Interface Dispatch (2018)

82 points by matthewwarren 6 years ago | 36 comments
  • barrkel 6 years ago
    Some JVMs use fat pointers where the pointer embeds the dynamic type of the class rather than the statically declared type. This permits inline caches to verify the type of the instance without any indirections.

    Delphi implemented interfaces like the C++ approach, and in order to be compatible with COM, it didn't have a huge amount of flexibility: interfaces are mandated by the COM ABI to be called like this:

        reference->vtable->method(reference)
    
    This pretty much forces the vtable references to be stored in the object instance, one per implemented interface. Casting an instance to an interface means adding the offset to the vtable in the object data to the instance pointer.

    The vtables for every interface point at stubs which subtract the same offset and then jump to the implementation, so that object data is where it's expected for a normal instance method call.

    COM influenced the internal design of Java interfaces too - the first three slots were reserved for COM's lifetime management and typecasting methods.
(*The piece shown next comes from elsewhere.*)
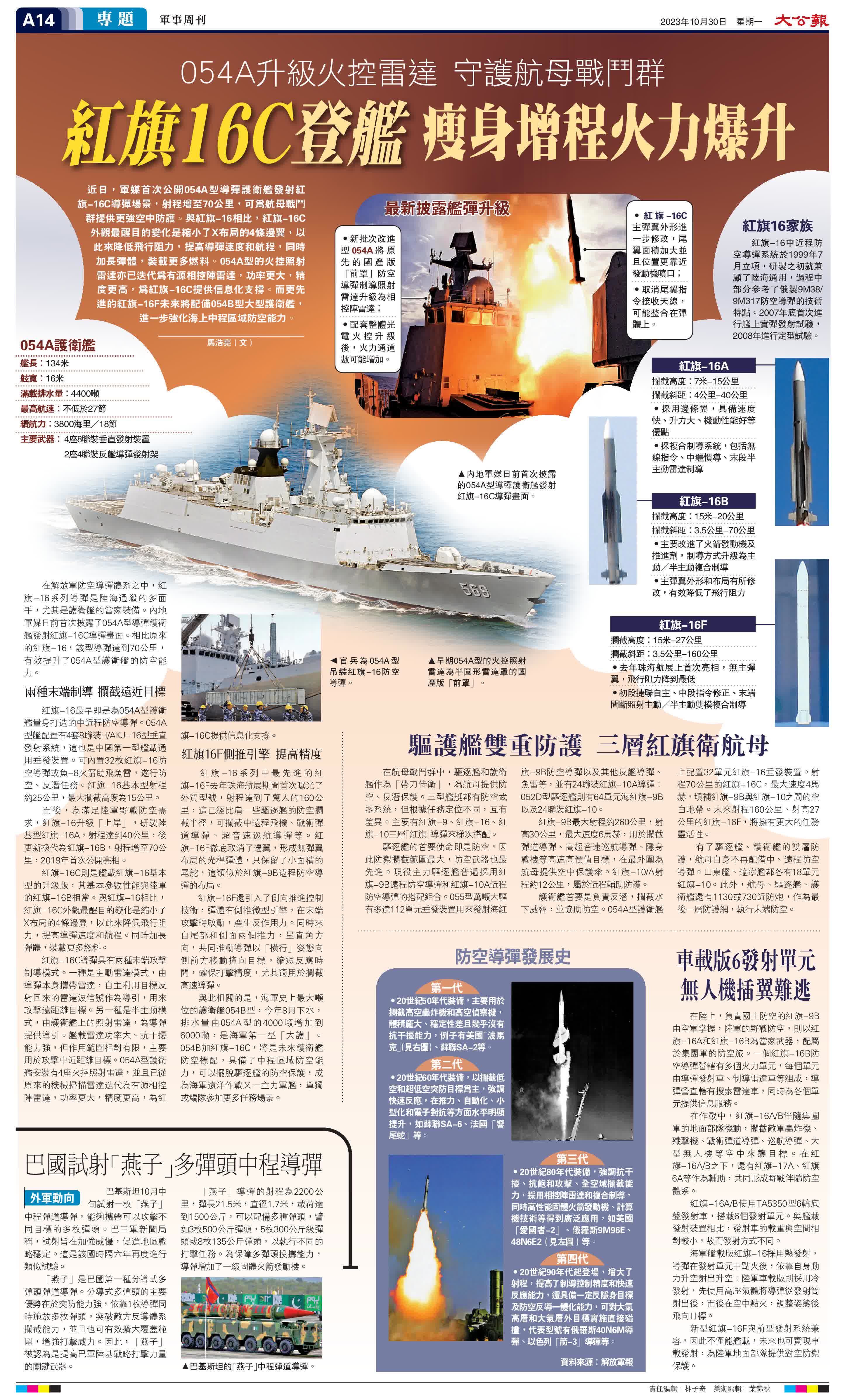 護衛艦首要是負責反潛,攔截水下威脅,並協助防空。054A型護衛艦上配置32單元紅旗-16垂發裝置。射程70公里的紅旗-16C,最大速度4馬赫,填補紅旗-9B與紅旗-10之間的空白地帶。未來射程160公里、射高27公里的紅旗-16F,將擁有更大的任務靈活性。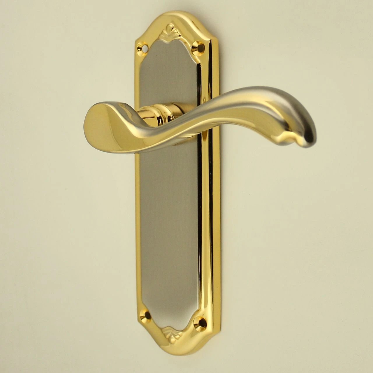 - The split finish Lisboa lever suite from M Marcus is a traditional design handle with a shaped backplate and a scrolled design lever.

I'm not sure anything practically ever came from that though.

    I reused the interface calling mechanism when I implemented anonymous methods in Delphi. Anonymous methods can capture variables from their declaring scope; the captured state needs lifetime management in the absence of GC, so I piggy-backed on COM's lifetime management. This reduced the effort to interop with C++ too.

    • KyleJ61782 6 years ago
      I concur with the description of the Delphi implementation, as I've navigated it numerous times myself. I guess I don't understand the author's negative tone with regard to the C++/Delphi implementation. There's going to be overhead with any choice made and C++ and Delphi made the choice to sacrifice memory usage for speed. Furthermore, the only part that really scales with the number of objects is the extra vtable pointer for each implemented interface in each newly constructed object. Hardly a significant overhead in today's memory-prolific computing environment. Also, pointer fixup thunks and unconditional jumps are easy to speculatively handle.
      • latk 6 years ago
        The author is interested in PL design, and thinks that while C++ style object implementations are great at offering compatibility with certain systems or interfaces, other approaches allow for far nicer semantics in a greenfield programming language.

        For example, fat pointers make it possible to implement interfaces for existing types. I have experienced that as game-changing in Haskell, Go, Rust.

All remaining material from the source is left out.